Oxalic acid \(\left(\mathrm{H}_{2} \mathrm{C}_{2} \mathrm{O}_{4}\right)\) is present in many plants and vegetables. If \(24.0 \mathrm{~mL}\) of \(0.0100 \mathrm{M} \mathrm{KMnO}_{4}\) solution is needed to titrate \(1.00 \mathrm{~g}\) of a sample of \(\mathrm{H}_{2} \mathrm{C}_{2} \mathrm{O}_{4}\) to the equivalence point, what is the percent by mass of \(\mathrm{H}_{2} \mathrm{C}_{2} \mathrm{O}_{4}\) in the sample? The net ionic equation is \(2 \mathrm{MnO}_{4}^{-}+16 \mathrm{H}^{+}+5 \mathrm{C}_{2} \mathrm{O}_{4}^{2-} \longrightarrow\) \(2 \mathrm{Mn}^{2+}+10 \mathrm{CO}_{2}+8 \mathrm{H}_{2} \mathrm{O}\)

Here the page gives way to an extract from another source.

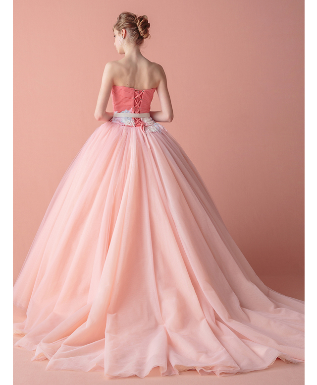 華やかなボリュームのあるチュールスカートに大人っぽさをプラスした絶妙な甘さのカラードレス。スカートラインの刺繍の配置は縦のラインを強調し、ネックラインは細いプリーツのハートカットでスッキリ感を表現。ウエストのビジューはドレス全体を引き締めています。
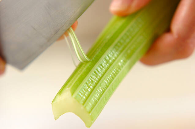 セロリは筋を引き、長さ4~5cm、幅1cm位に切る。

Understanding molarity and its relationship with moles is a fundamental aspect of chemistry, especially in titration calculations. Molarity, denoted by M, is the measure of concentration of a solution in terms of the number of moles of solute per liter of solution.

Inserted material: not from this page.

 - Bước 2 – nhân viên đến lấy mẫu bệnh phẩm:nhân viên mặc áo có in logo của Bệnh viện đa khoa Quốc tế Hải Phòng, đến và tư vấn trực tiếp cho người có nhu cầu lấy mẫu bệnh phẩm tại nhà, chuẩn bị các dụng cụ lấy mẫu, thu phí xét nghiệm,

To calculate the number of moles from a given molarity and volume, you can use the formula:
\( \text{moles of solute} = \text{Molarity (M)} \times \text{Volume (L)} \).
In the context of a titration, knowing the molarity of the titrant (a standard solution of known concentration) allows you to determine the moles of solute present in the sample being analyzed by using the above expression.

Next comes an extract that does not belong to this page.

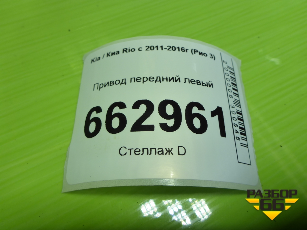 Привод передний левый (1.6л G4FC МКПП шлиц наруж-25,внутр-25) (495001R000) для Kia Rio с 2011-2016г (Рио 3) в Челябинске

For instance, if a titration problem provides you with the volume of the titrant used to reach the endpoint and its molarity, you can easily calculate the number of moles of titrant that reacted. This step is crucial because it sets the groundwork for subsequent calculations and conceptual understanding of the stoichiometric relationships in the chemical reaction involved in the titration.

A net ionic equation represents a chemical reaction that eliminates the spectator ions from the complete ionic equation to focus on the actual chemical change occurring in reaction. Spectator ions are ions that do not take part in the chemical reaction and remain unchanged.

The net ionic equation is essential for understanding the chemistry behind titrations as it reveals the stoichiometry of the reaction - the ratios in which different molecules react. It breaks down the reaction into the most simplified terms, showing only those components that directly participate in the chemical process.

When looking at a net ionic equation, it's important to balance the equation by ensuring the same number of each type of atom on both sides. Moreover, the charge should also be balanced. Being able to interpret and write net ionic equations allows students to comprehend and calculate the moles of substances in a titration accurately, which is a vital step in finding the concentration of an unknown solution. For example, in the exercise provided, the net ionic equation shows the substance being titrated, oxalic acid, and its mole ratio to the titrant, which is fundamental in determining the amount of substance present in the sample.

Percent by mass (or weight percent) is a way of expressing the concentration of a component in a mixture or a solution. It is the mass of the solute divided by the total mass of the solution, multiplied by 100%.

The formula is as follows:
\( \text{Percent by mass} = \frac{\text{Mass of solute}}{\text{Mass of solution}} \times 100\% \).
In a titration problem, for instance, once the mass of the solute is determined from the moles of solute and its molecular weight, the percent by mass can be calculated if the mass of the entire sample is known.

This concept is particularly crucial in industries such as pharmaceuticals and food processing, where the composition of the substances needs to be precise. When solving chemistry problems, the percent by mass calculation offers a direct understanding of the purity or the concentration of a particular component in the sample. The final value is an easy-to-understand representation of the solution's composition, and it's used to check the consistency and quality of solutions.